Strange and kind of sad that lately, what contact he does earn may bring about crippling pain or something so undesirable. Punches thrown by Peter; Arthur's comradely clasp on his shoulder before wrenching his ability free of his body as if by hooks and spikes; and before even that, Eileen's own aura gesture that had crippled him. But somehow Gabriel doesn't recoil from the touch, understanding what it needs to activate and thick wool acting as a barrier not being part of the criteria.

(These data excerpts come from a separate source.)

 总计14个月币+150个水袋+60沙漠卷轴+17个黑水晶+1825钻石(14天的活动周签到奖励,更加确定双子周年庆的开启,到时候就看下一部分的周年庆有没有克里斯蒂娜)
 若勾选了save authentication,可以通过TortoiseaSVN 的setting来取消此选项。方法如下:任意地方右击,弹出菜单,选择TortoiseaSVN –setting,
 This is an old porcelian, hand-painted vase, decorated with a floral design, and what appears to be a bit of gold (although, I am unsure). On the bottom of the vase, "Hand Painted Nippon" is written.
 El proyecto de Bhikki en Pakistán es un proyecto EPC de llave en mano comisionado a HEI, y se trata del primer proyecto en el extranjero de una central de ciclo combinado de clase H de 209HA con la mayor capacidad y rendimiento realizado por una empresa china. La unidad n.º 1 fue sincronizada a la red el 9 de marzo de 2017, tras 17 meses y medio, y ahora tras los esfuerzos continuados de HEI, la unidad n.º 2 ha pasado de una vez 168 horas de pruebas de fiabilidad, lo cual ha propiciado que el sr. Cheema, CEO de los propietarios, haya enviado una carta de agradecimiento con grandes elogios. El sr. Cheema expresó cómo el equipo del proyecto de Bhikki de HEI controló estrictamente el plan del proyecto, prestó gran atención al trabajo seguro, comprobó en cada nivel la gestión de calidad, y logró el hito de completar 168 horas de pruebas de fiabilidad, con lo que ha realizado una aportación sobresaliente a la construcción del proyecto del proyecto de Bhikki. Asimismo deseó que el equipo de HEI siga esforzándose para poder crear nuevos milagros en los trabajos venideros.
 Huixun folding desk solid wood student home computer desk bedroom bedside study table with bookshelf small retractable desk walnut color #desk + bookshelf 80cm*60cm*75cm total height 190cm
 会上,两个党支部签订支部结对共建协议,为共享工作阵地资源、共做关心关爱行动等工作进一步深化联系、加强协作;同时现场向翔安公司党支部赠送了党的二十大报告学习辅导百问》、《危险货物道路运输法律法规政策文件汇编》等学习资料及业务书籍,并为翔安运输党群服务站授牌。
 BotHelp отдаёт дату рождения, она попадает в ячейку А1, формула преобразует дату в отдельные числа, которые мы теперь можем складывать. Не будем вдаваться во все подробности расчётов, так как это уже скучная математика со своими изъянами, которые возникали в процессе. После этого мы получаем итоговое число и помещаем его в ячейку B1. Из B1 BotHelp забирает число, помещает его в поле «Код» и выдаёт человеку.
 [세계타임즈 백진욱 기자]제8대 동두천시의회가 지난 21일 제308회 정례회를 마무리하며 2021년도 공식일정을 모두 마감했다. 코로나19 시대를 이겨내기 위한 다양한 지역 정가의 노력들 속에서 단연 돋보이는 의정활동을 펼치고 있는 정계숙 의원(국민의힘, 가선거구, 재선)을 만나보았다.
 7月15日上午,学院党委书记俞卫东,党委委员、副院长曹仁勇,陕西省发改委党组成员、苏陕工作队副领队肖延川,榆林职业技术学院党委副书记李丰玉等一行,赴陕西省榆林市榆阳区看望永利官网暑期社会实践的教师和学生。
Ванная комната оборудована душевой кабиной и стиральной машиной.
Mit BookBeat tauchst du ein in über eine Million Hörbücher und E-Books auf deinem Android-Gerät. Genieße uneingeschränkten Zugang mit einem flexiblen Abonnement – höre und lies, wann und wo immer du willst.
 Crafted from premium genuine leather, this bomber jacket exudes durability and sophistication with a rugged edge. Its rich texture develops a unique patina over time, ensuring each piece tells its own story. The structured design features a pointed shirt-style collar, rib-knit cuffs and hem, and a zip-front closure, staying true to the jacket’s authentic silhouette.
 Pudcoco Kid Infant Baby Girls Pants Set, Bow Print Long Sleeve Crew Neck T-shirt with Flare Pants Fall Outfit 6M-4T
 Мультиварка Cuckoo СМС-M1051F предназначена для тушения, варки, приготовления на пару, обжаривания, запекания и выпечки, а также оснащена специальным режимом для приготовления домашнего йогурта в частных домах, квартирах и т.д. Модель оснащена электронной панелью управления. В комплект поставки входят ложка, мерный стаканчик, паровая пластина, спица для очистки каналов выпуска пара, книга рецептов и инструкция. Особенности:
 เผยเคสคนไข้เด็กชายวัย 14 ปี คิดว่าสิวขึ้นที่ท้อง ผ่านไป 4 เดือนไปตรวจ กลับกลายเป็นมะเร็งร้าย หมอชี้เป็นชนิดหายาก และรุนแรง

The gesture isn't returned, it kind of can't be with, at least not with a degree of awkward difficulty. Hopefully a glance her way might be all that's needed to communicate appreciation? Or perhaps that's too subtle for even them. There is a preternatural undercurrent of silence that Eileen had noticed before he did, but he is now.

"No, I came here to socialise." The irony in his voice could be cut with a knife and sold in slices, made more bone dry by the fact Gabriel isn't moving to do those things like rest and eat and in fact remains. "If you haven't been here, where have you been?"

Eileen's response is purely physical. The grip on his arm tightens, then grows slack, hand falling away to settle at her side as she averts her eyes and focuses a steely gaze past Gabriel. Her attention lands somewhere over his shoulder. "It's not important," she says, "and anyway, Teo will tell you." Reluctance fills the space between them in addition to her voice; shoulders grow tense, posture stiffening, and slowly her spine begins to lose its visible curve above the small of her back. After a moment or two, she rocks her weight forward and rises to her feet without needing to lean against Gabriel for support.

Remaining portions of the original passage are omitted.